Sources close to Suter indicate there are multiple teams interested in the 36-year-old defenseman and that could drive the bidding up in a hurry. There are other veteran defenseman on the market who could intrigue the Islanders, but there does seem to be mutual interest in a potential union. 

Meanwhile, one piece of news that should make Islanders fans happy is the status of Captain Anders Lee’s rehab from ACL surgery. Videos surfaced during the playoffs of Lee skating on his own and then with the Isles extras. So that led to speculation he could be on his way back during the post-season.

Well, “Blittner’s Blue Line” has been able to confirm via a text exchange with Lee’s agent, Neil Sheehy, that Lee was indeed close to playing had the Isles advanced to the Stanley Cup Final. Sheehy went on to comment that Lee “will be 100% at Training Camp and is doing great!”

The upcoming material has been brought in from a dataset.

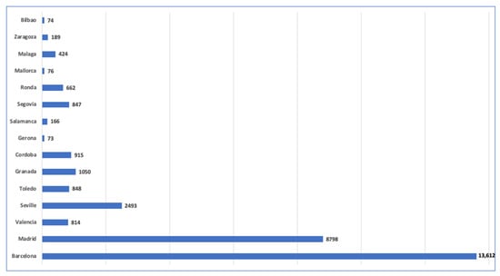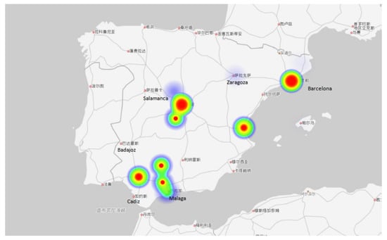 Despite the discontinuity caused by COVID-19 regarding the entry of Chinese and international tourists into Spain in 2020 (UNWTO []), China’s tourism has enormous potential. Chinese tourism in Spain is low, with 699,000 Chinese residents visiting Spain in 2019 (0.8% of the 83.7 million foreign tourists who visited in Spain in 2019), although Chinese tourism has greatly developed since 2015, when Spain received 399,000 Chinese tourists (0.3% of the total) [].
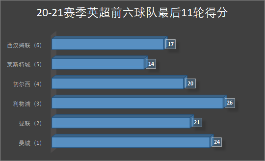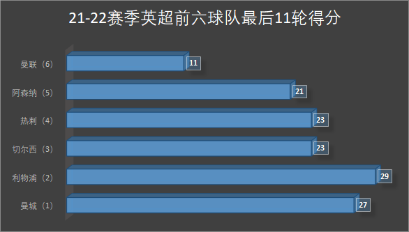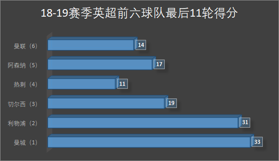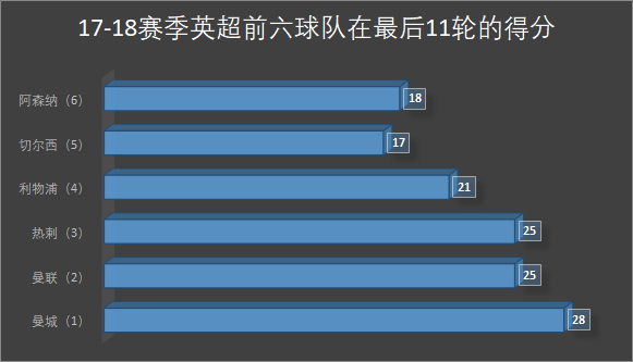 如果以进入2018年3月作为冲刺阶段的起点,曼城在最后11轮所取得的成绩是9胜1平1负,虽然2:3输给了争冠直接对手曼联,但胜在拿分稳定,直接夺取28分。

That’s terrific news for the Boys from Long Island and their fans, who sorely missed Lee’s presence during the team’s playoff run.

That’s all for this week’s “Blittner’s Blue Line” and please remember there are several key NHL dates coming up in the following days.

Wednesday July 21st: NHL Expansion Draft Selection Show at 8pm(EST).

Friday July 23rd and Saturday July 24th: The NHL’s annual Entry Draft. 

Wednesday July 28th: Free Agency begins.